PROBLEM TO WORK ON
Your task is to retype, exactly, the line containing "Еще один пассажирский" and every later line through the end of the listing, with pictures omitted.

DATA PROVIDED
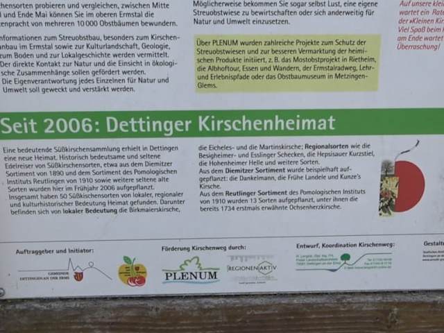 Der Wanderparkplatz liegt direkt an der B 28 bei Dettingen an der Erms. Er hat aber keine eigene Ausfahrt, sondern man muss die nach Dettingen nehmen und durch den Ort zum Parkplatz fahren. Von dort gehen verschiedene Wanderwege ab. Um nur zwei zu nennen, der Kirschenweg und der Weg Dettinger Kirschenheimat.
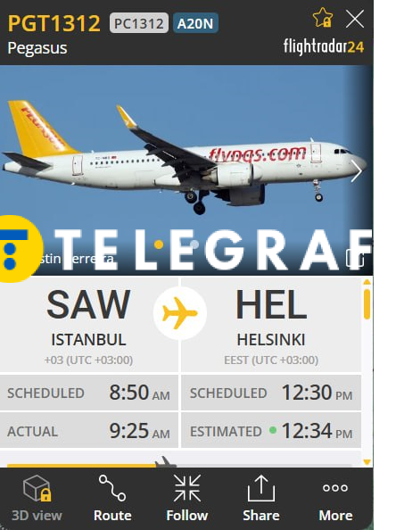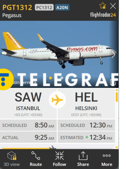 Еще один пассажирский самолет — А20N, который "засекли" радары в нашем небе, вылетел из Стамбула в 9:25 и сел в Хельсинки в 12:34. За это время воздушное судно, принадлежащее Pegasus Airlines, якобы "наведалось" в Украину, радары показали его пролет над Львовщиной.
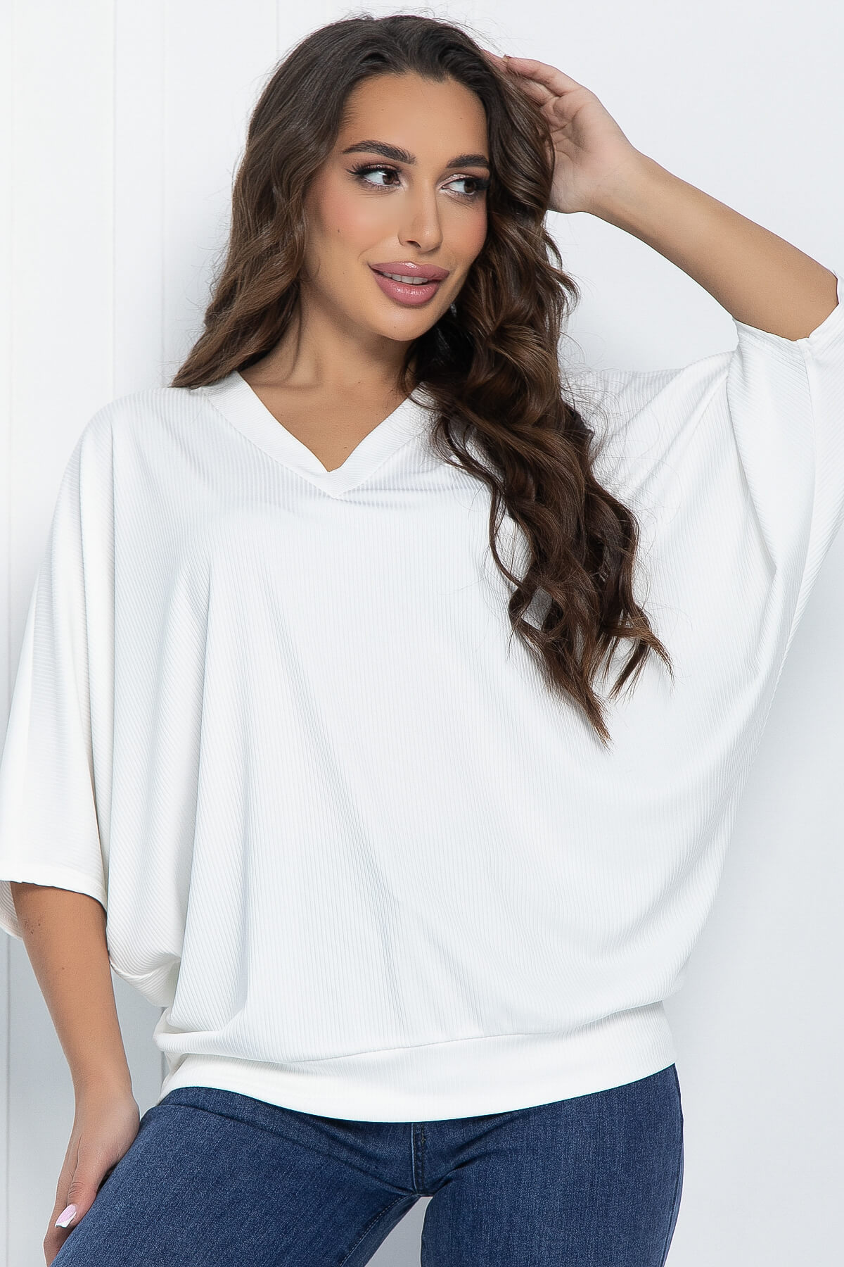 Блуза имеет интересный дизайн с V-образным вырезом горловины и удобным цельнокроеным рукавом «летучая мышь» длины ¾ . Важное преимущество такого рукава заключается в его способности скрывать различные погрешности фигуры. Обладая женственной привлекательностью, подойдет к классической офисной и к деловой повседневной одежде.

ANSWER SECTION
 Еще один пассажирский самолет — А20N, который "засекли" радары в нашем небе, вылетел из Стамбула в 9:25 и сел в Хельсинки в 12:34. За это время воздушное судно, принадлежащее Pegasus Airlines, якобы "наведалось" в Украину, радары показали его пролет над Львовщиной.
 Блуза имеет интересный дизайн с V-образным вырезом горловины и удобным цельнокроеным рукавом «летучая мышь» длины ¾ . Важное преимущество такого рукава заключается в его способности скрывать различные погрешности фигуры. Обладая женственной привлекательностью, подойдет к классической офисной и к деловой повседневной одежде.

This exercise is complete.